Armenian Eye Care Project Offers Rewards To Its Patients, Volunteers

ARMENIAN EYE CARE PROJECT OFFERS REWARDS TO ITS PATIENTS, VOLUNTEERS
By John A. Hovanesian, MD

OSN SuperSite NJ
Cataract Surgery

Ocular Surgery News U.S. Edition September 15, 2007

Thanks, in part, to ophthalmologists’ efforts dating back to 1992,
the country boasts state-of-the-art technology and research today.

Why would a practicing ophthalmologist, at the last minute, delay
a family vacation and fly alone through 12 time zones to a country
where he had never been?

John A. Hovanesian – Photo

"Because I got a fax asking for help," said Roger Ohanesian, MD,
of Laguna Beach, Calif., the founder and president of the nonprofit
Armenian Eye Care Project (AECP).

The fax arrived in September 1992 from the foreign minister of the
then newly independent Republic of Armenia. It was sent to dozens of
U.S. physicians, asking for help in the fight against a "growing wave
of blindness" shortly after the Soviet Union collapsed in 1991. Within
2 days of a scheduled family vacation, Dr. Ohanesian gathered whatever
medical supplies he could and rescheduled his itinerary to instead
travel to the Caucasus region, while his wife and 12-year-old son flew
to London. Dr.

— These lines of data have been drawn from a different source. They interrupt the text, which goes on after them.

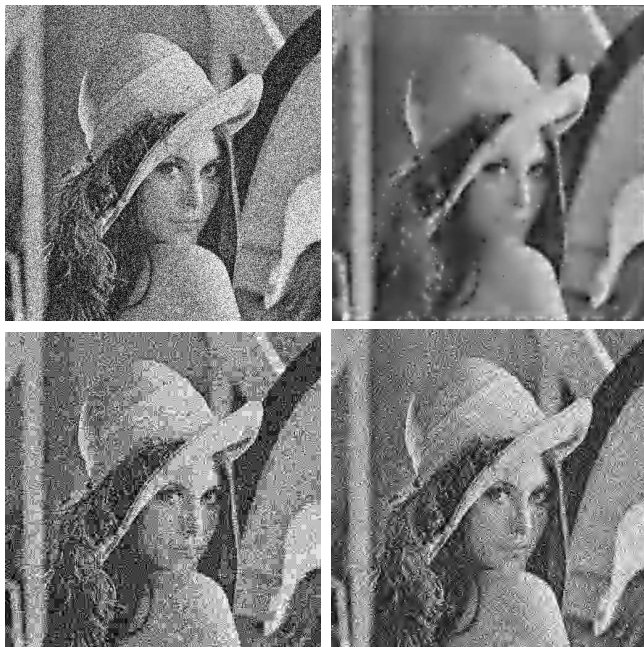
Fig. 4. Robustness to noise: qualitative comparison between our new codec, JPEG, and JPEG2000 under the same rate restriction (here 0.27 bpp). Upper left: Lena with additive Gaussian noise ( mean = 0 , variance = 0.05 for a normalized image dynamic range). Upper right: coded/decoded image using the new codec. Lower left: coded/decoded image using JPEG. Lower right: coded/decoded image using JPEG2000.

We have proposed a new bio-inspired codec for static images. First, the image is converted into a ROC code via a simplified retinal model, then a stack run coder is applied, followed by a first order arithmetic compressor.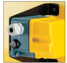
Geared limit switches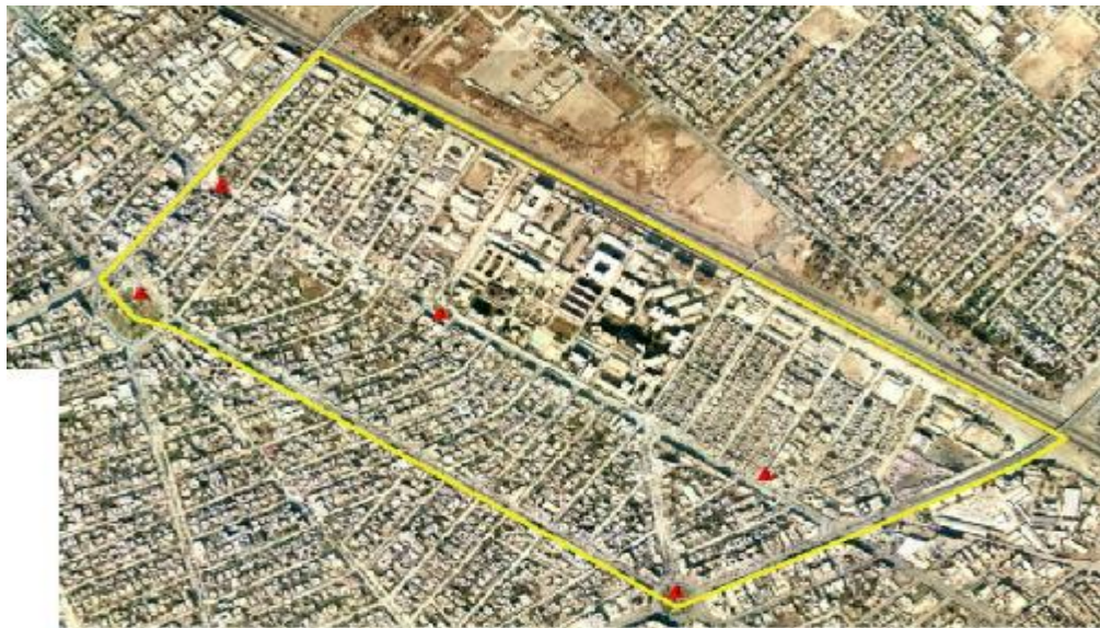
Figure (2): The GCPs distribution in study area.

Ohanesian had no idea that this would be the first of
30 trips to Armenia.

Bad old days

"Armenia is a country the size of Maryland that borders Iran, Turkey,
Azerbaijan and Georgia," Dr.

Ohanesian said. "In addition to the economic challenge of its new
independence, it had two other significant setbacks during this time:
a 7.2-magnitude earthquake in 1988 that destroyed most of Armenia’s
infrastructure and a war with neighboring Azerbaijan in the same
year that tapped its resources and touched off an epidemic of ocular
trauma."

"When we arrived on those trips in the early ’90s, people were
literally lined up for half a mile to see us," said Richard Hill, MD,
professor of ophthalmology at UC-Irvine, who has been to Armenia with
the AECP more than 20 times, each time traveling at his own expense,
as do all of the volunteer physicians. "Many of the slit lamps were of
an old Soviet style with horrible optics and nonfunctional bulbs. We
used penlights for illumination instead of the slit beam."

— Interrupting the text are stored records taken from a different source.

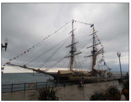
<sup>'</sup>Pride of Baltimore II' Reproduction of an1812-era topsail schooner known as Baltimore Clippers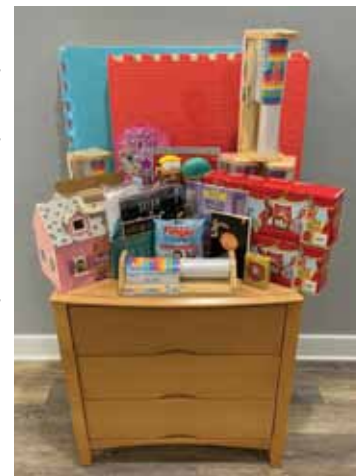
Thanks to all of you who have already started to fulfill our Wishlist requests!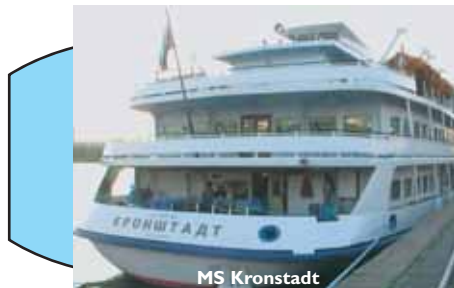
Lower Deck (Deck I)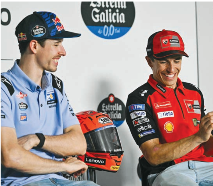
Team Gresini Racing MotoGP’s Alex Marquez (left) laughs with his brother Team Ducati Lenovo Team’s Marc Marquez during a press conference ahead of the MotoGP Spanish Grand Prix at the Jerez racetrack in Jerez de la Frontera yesterday.

“We cannot forget Pecco (Bagnaia) won the last three years there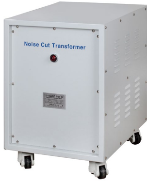
Munsell No RAL 7035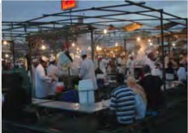
Shopping / Chicaga Dunes / Centuries old tannaries of Fes / Food square of Marrakesh

Day 0 night Meet up at KLIA by 10PM Fri 3 Nov 2017 for past midnight flight.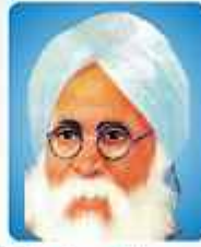
Mahatma Hansraj Fulfilled his pledge of 25 years of honorary service as the Principal of First D.A.V. College at Lahore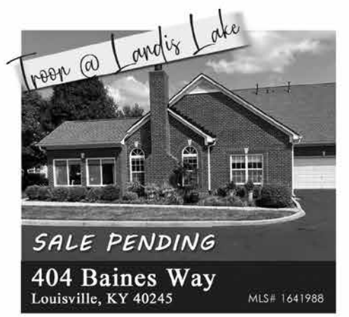
Listed by Rick Shaw Realtors

10222 Shelbyville Rd Louisville, KY 40223 (502) 245-0525 www.RickShawRealtors.com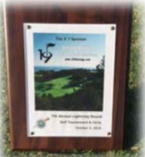
Plaque at Hole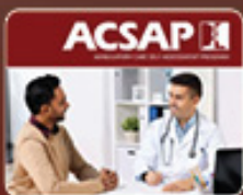
ACSAP Gastrointestinal and Nutrition Care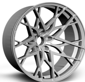
19" x 9.5" Front and 20" x 12" Rear in Polished Finish

Sleeping only a few hours on cots in a spare hospital room,
Dr. Ohanesian, Dr. Hill and a number of other volunteers (see sidebar)
learned to improvise in the early days, as did the Armenians. "I
remember a freezing cold day in the operating room doing a membrane
peel procedure," said Sanford Chen, MD, a retinal specialist
from Laguna Hills, Calif., and clinical assistant professor at
UC-Irvine. "Just as I had grasped the premacular fibrosis with forceps,
the lights went out. I had to hold the instruments steady while the
staff ran to the hospital basement to fire up the generator. It took
forever. I later learned, because someone had stolen the fuel for
the generator, they had to find more."

Teaching a man to fish For several years, Drs. Ohanesian and Hill
traveled to Armenia twice a year, each time spending 2 weeks. "I soon
realized that I was spending one-twelfth of my life with my friend
Roger in a Third World country," Dr. Hill said. "We just couldn’t
do all the surgery ourselves, so we designed a residency program in
Armenia similar to ours at UC-Irvine. Very quickly, Armenia’s best
and brightest young ophthalmologists stood out, and we allowed a few
to come to the United States for fellowship training."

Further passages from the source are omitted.